The main elements of the proposed model include matching contribution - whereby all contributions towards supplementary retirement provision should qualify for a matching Exchequer contribution of €1 for each €1.60 by the taxpayer.
The commission said that support could be given at a higher rate, €1 for each €1 given by the taxpayer, for a limited period for all supplementary pension contributions.
The model would include a soft-mandatory approach, where employers would automatically enrol employees into the scheme, although an employee is entitled to opt out later.
The commission also proposed a retirement savings scheme as part of the plan, similar to the former special savings incentive accounts (SSIA) scheme.
It said this would be a simple scheme that would allow savings for retirement, based on a minimum savings requirement. It would include an Exchequer contribution of €1 for every €2 saved and would allow limited pre-retirement access to funds.
The commission also considered the tax-free status of the lump sum on retirement, which it said may act as an incentive to individuals to save for their retirement.
However, it then said that the payment of a lump sum "defeats to some extent the purpose of a pension which is to provide an income in retirement." As a result, it said that it is considering that changes should be made to the tax treatment of the lump sum.
At present, people are allowed a tax-free lump sum of 25% of the fund, or 1.5 times the final salary.

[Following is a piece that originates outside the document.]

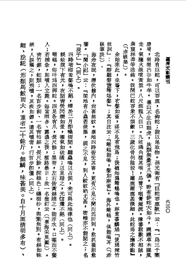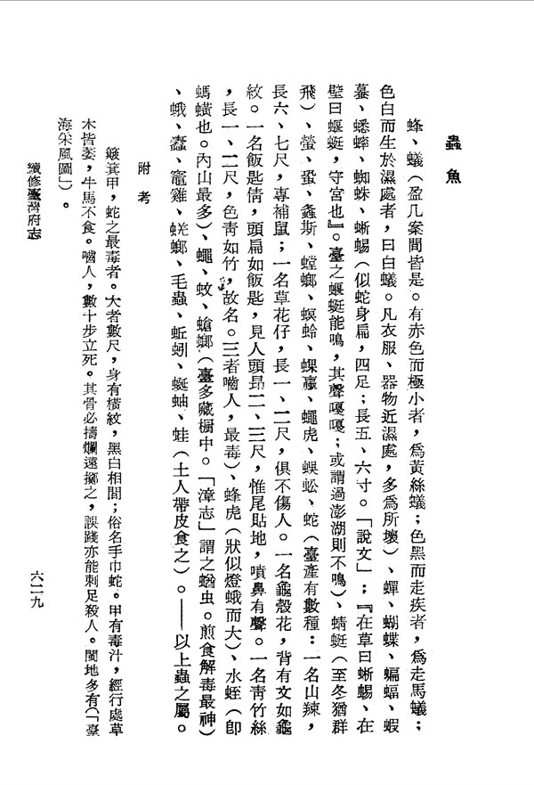蜥蜴,口毒而不螫人,若捕急,咬人則立斃 續修臺灣府志卷十八 台灣文獻史料叢刊 -

The commission has suggested that the first €200,000 of that lump sum should be tax-free and that the excess of that lump sum over €200,000 should be taxable at the standard rate.
Although the report considered how the tax system can encourage long-term savings to meet retirement needs, it said that taxation policy on its own cannot resolve the "increasingly onerous pension issues that will confront our society over the coming decades."